WHAT YOU WILL DO =>
Your reply should reproduce all the data below exactly while excluding the pictures.

START INPUT DATA

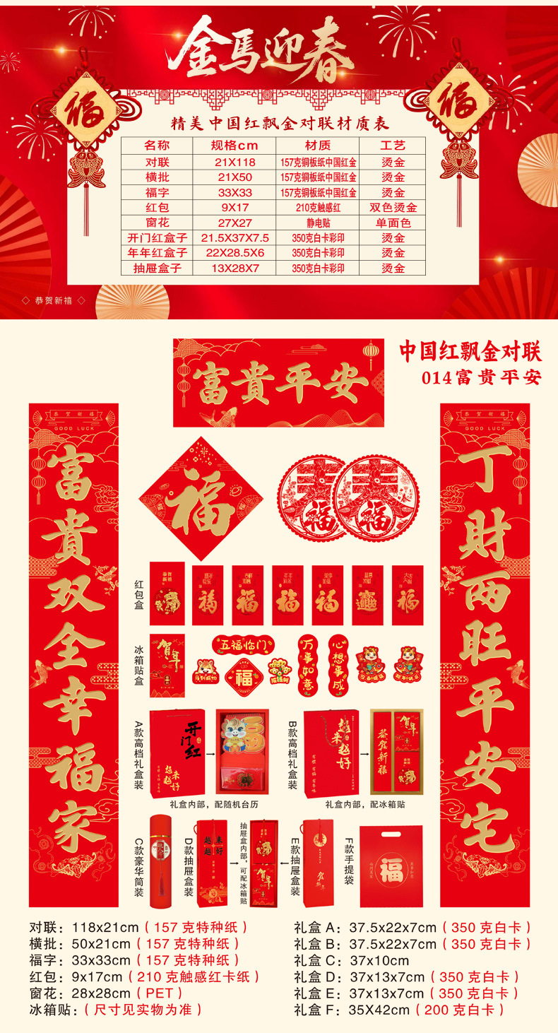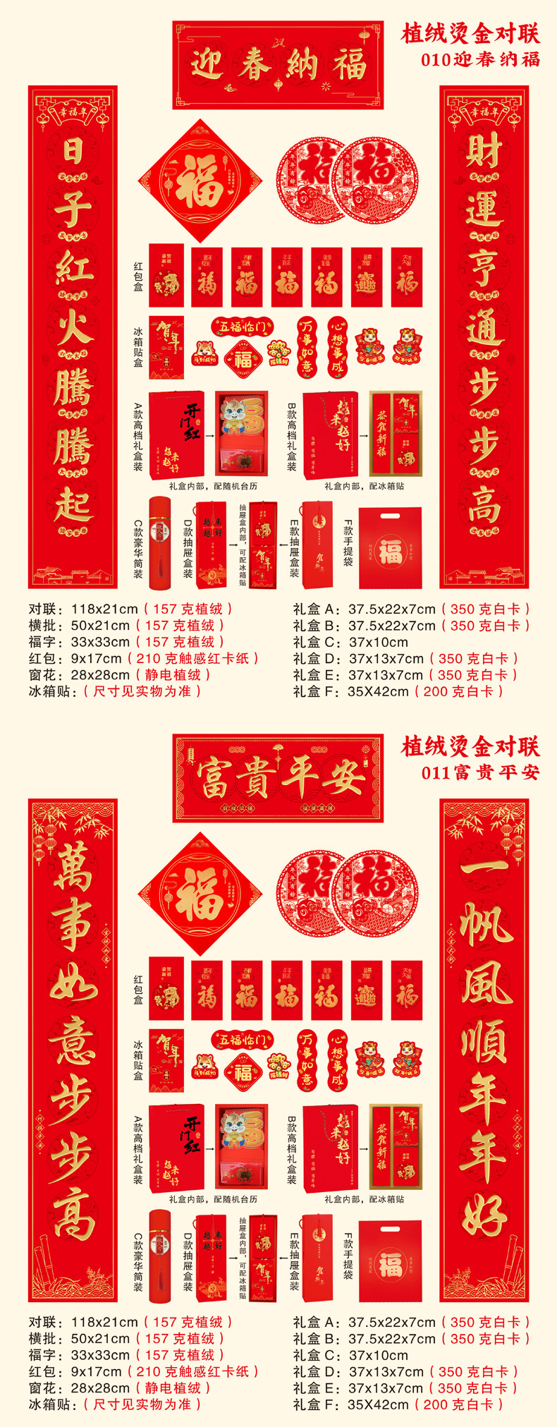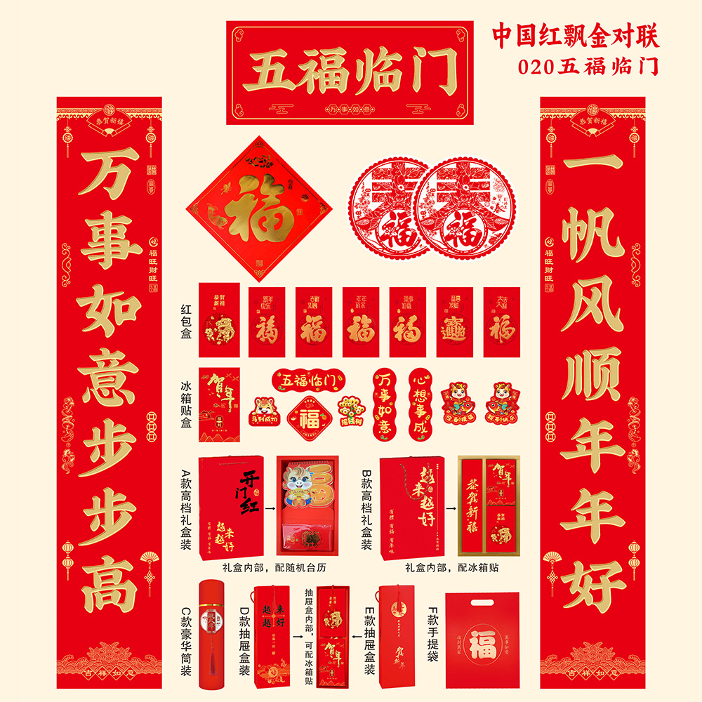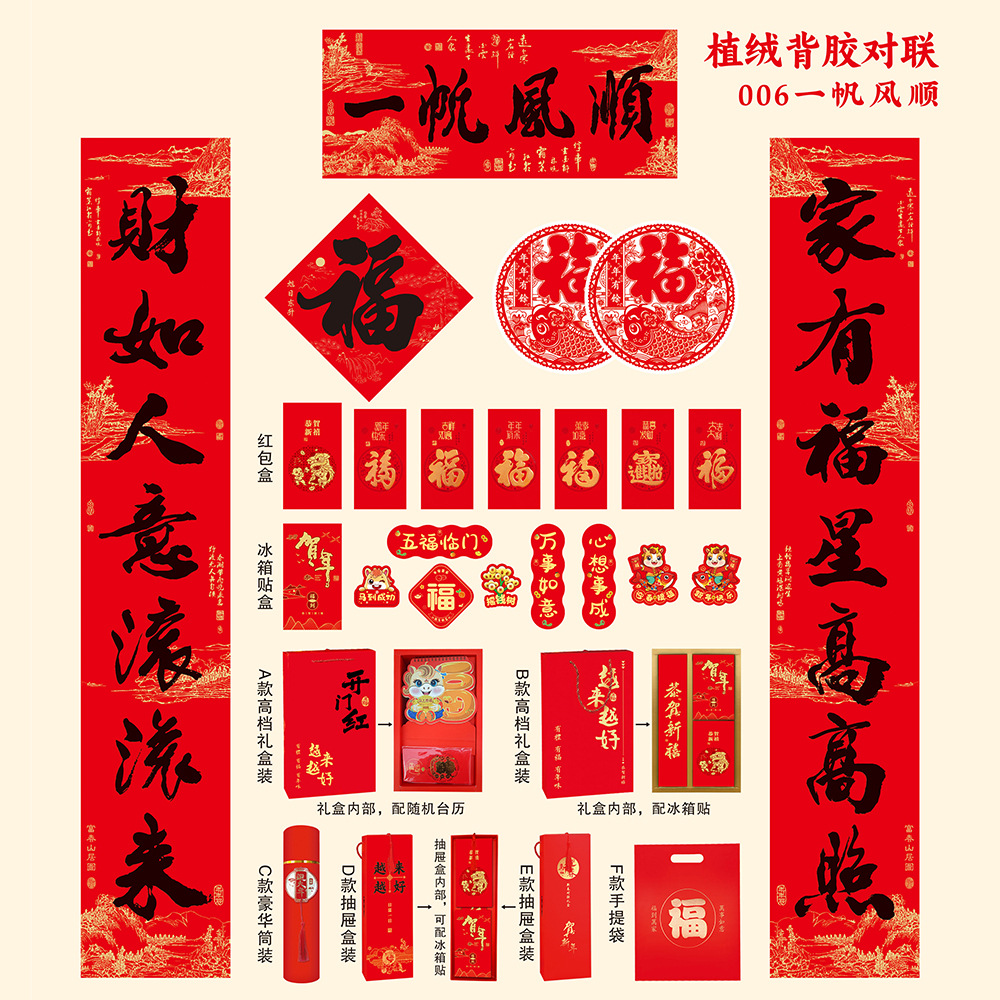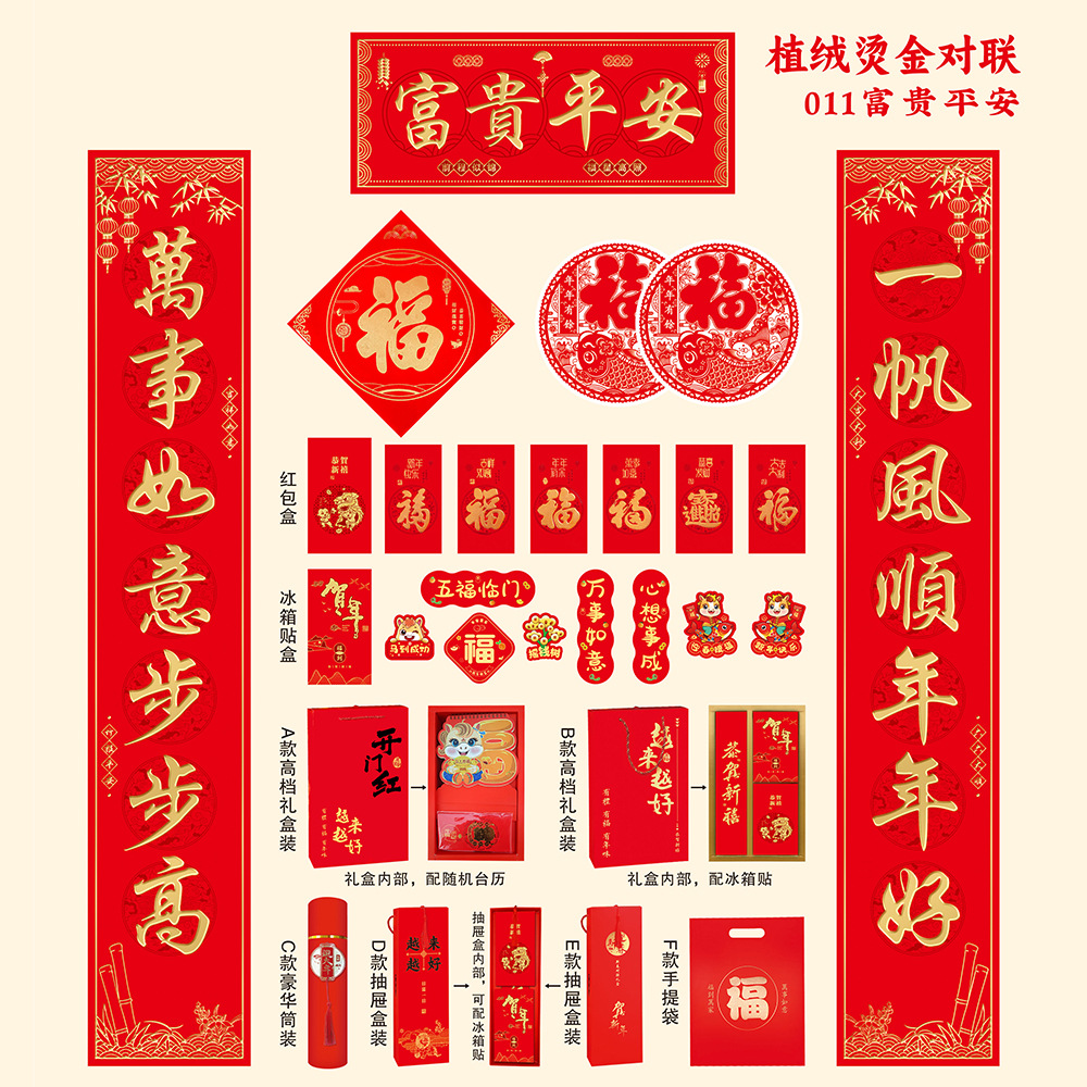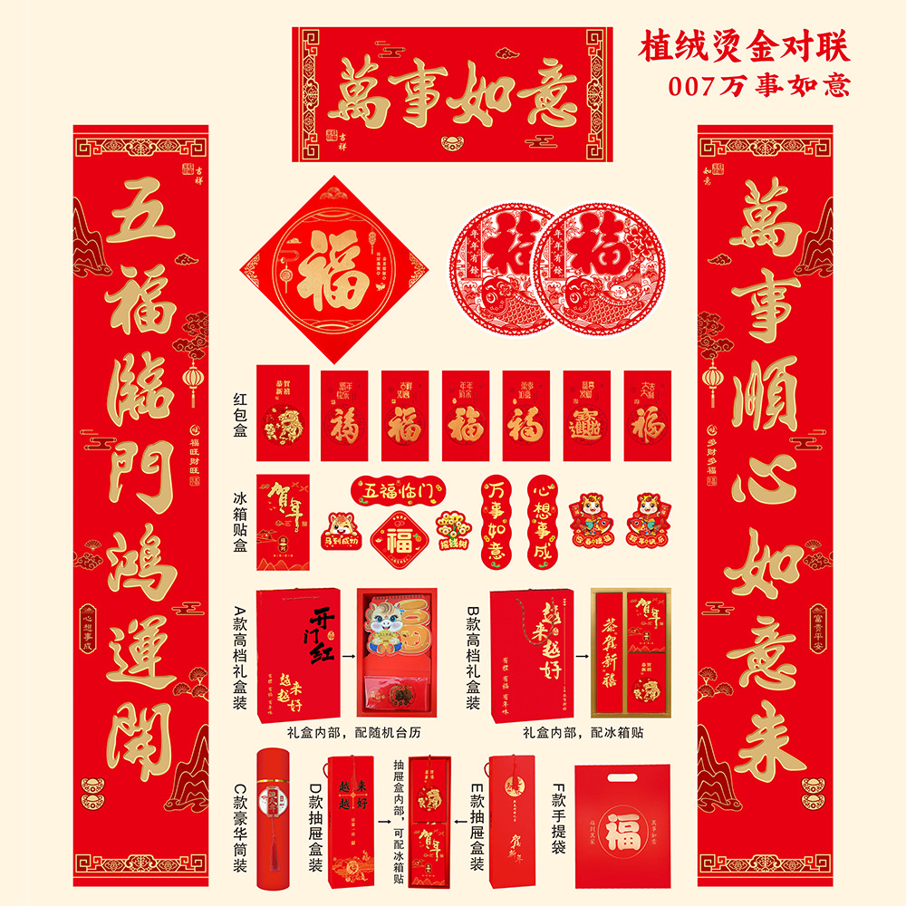 新款2026年对联大礼包现货精品烫金植绒磁吸春联红包福字礼盒套装
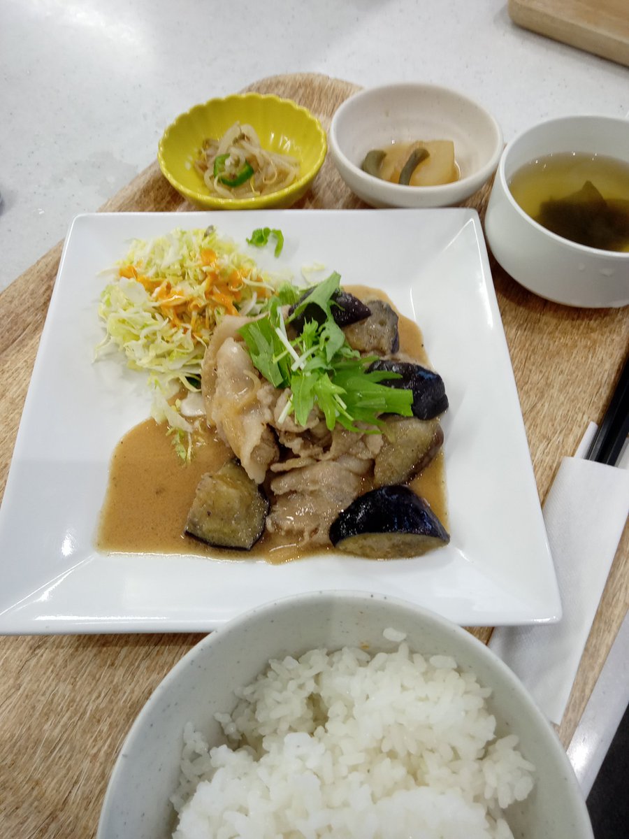 本日の日替わりメニューは豚肉とナスの生姜焼きです🍆🐷豚バラ肉とナスを照り良く生姜醤油ダレで炒めました。ご飯にぴったりなお料理です!
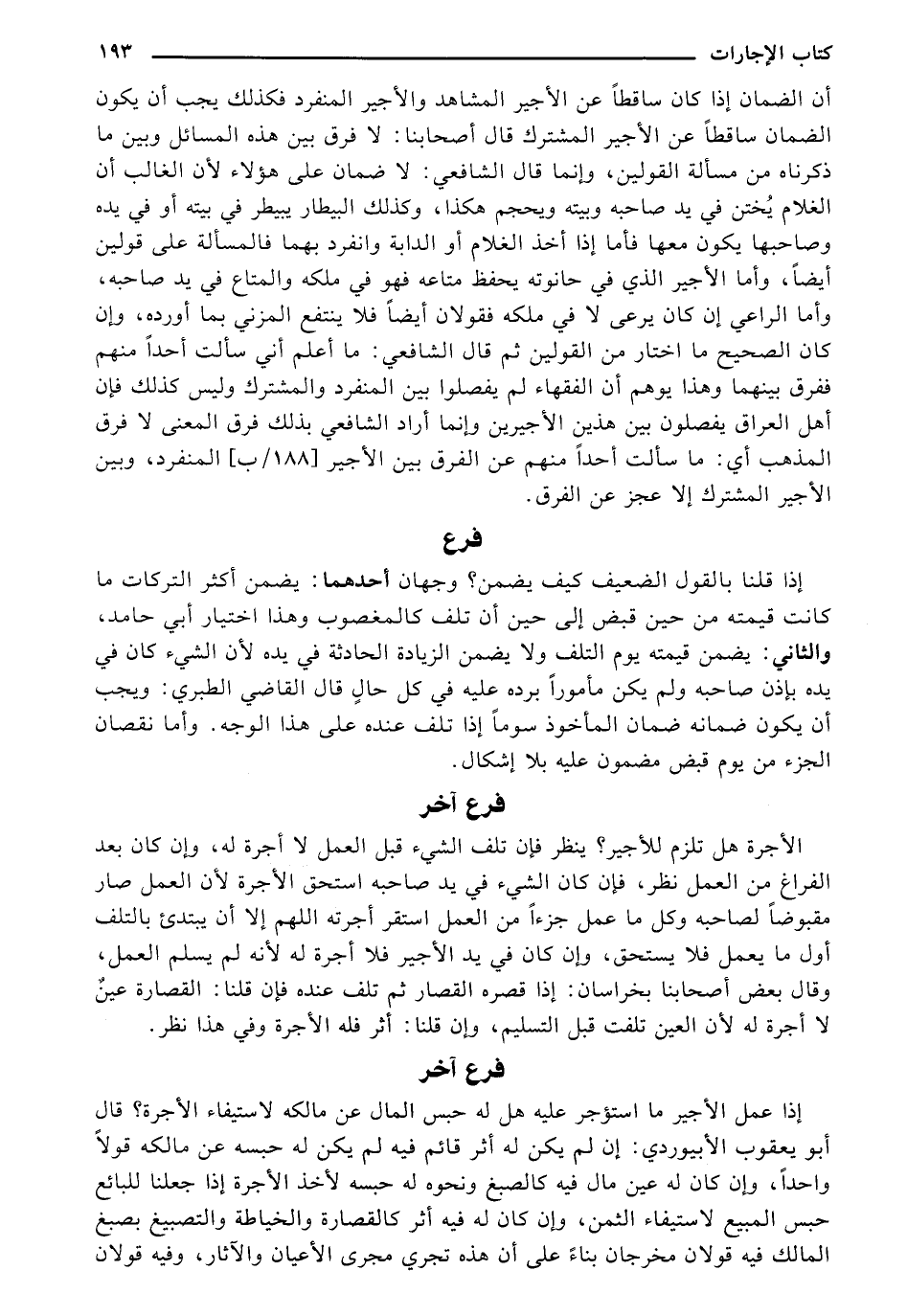 الأجرة هل تلزم للأجير؟ ينظر فإن تلف الشيء قبل العمل لا أجرة له، وإن كان بعد الفراغ من العمل نظر، فإن كان الشيء في يد صاحبة استحق الأجرة لأن العمل صار مقبوضًا لصاحبه وكل ما عمل جزءًا من العمل استقر أجرته اللهم إلا أن يبتدئ بالتلف أول ما يعمل فلا يستحق، وإن كان في يد الأجير فلا أجرة له لأنه لم يسلم العمل، وقال بعض أصحابنا بخراسان: إذا قصره القصار ثم تلف عنده فإن قلنا: القصارة عينٌ لا أجرة له لأن العين تلفت قبل التسليم، وإن قلنا: أثر فله الأجرة وفي هذا نظر.
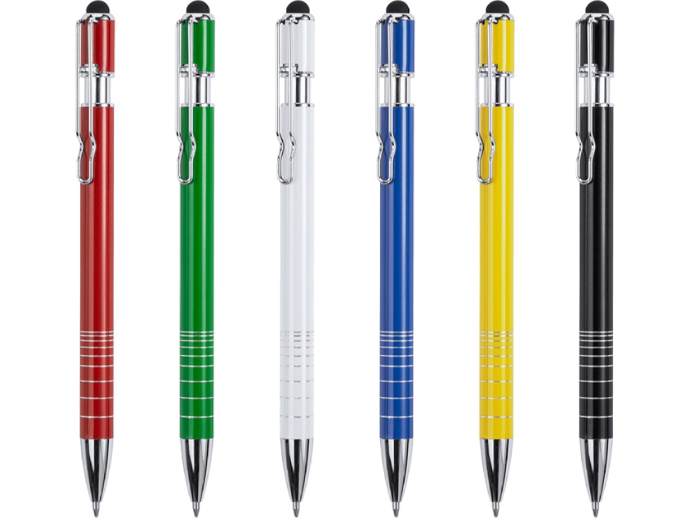 Металлическая шариковая ручка. Стилус и дизайнерский зажим. Синие чернила

END INPUT DATA

RESULT FOR THIS EXERCISE =>
 新款2026年对联大礼包现货精品烫金植绒磁吸春联红包福字礼盒套装
 本日の日替わりメニューは豚肉とナスの生姜焼きです🍆🐷豚バラ肉とナスを照り良く生姜醤油ダレで炒めました。ご飯にぴったりなお料理です!
 الأجرة هل تلزم للأجير؟ ينظر فإن تلف الشيء قبل العمل لا أجرة له، وإن كان بعد الفراغ من العمل نظر، فإن كان الشيء في يد صاحبة استحق الأجرة لأن العمل صار مقبوضًا لصاحبه وكل ما عمل جزءًا من العمل استقر أجرته اللهم إلا أن يبتدئ بالتلف أول ما يعمل فلا يستحق، وإن كان في يد الأجير فلا أجرة له لأنه لم يسلم العمل، وقال بعض أصحابنا بخراسان: إذا قصره القصار ثم تلف عنده فإن قلنا: القصارة عينٌ لا أجرة له لأن العين تلفت قبل التسليم، وإن قلنا: أثر فله الأجرة وفي هذا نظر.
 Металлическая шариковая ручка. Стилус и дизайнерский зажим. Синие чернила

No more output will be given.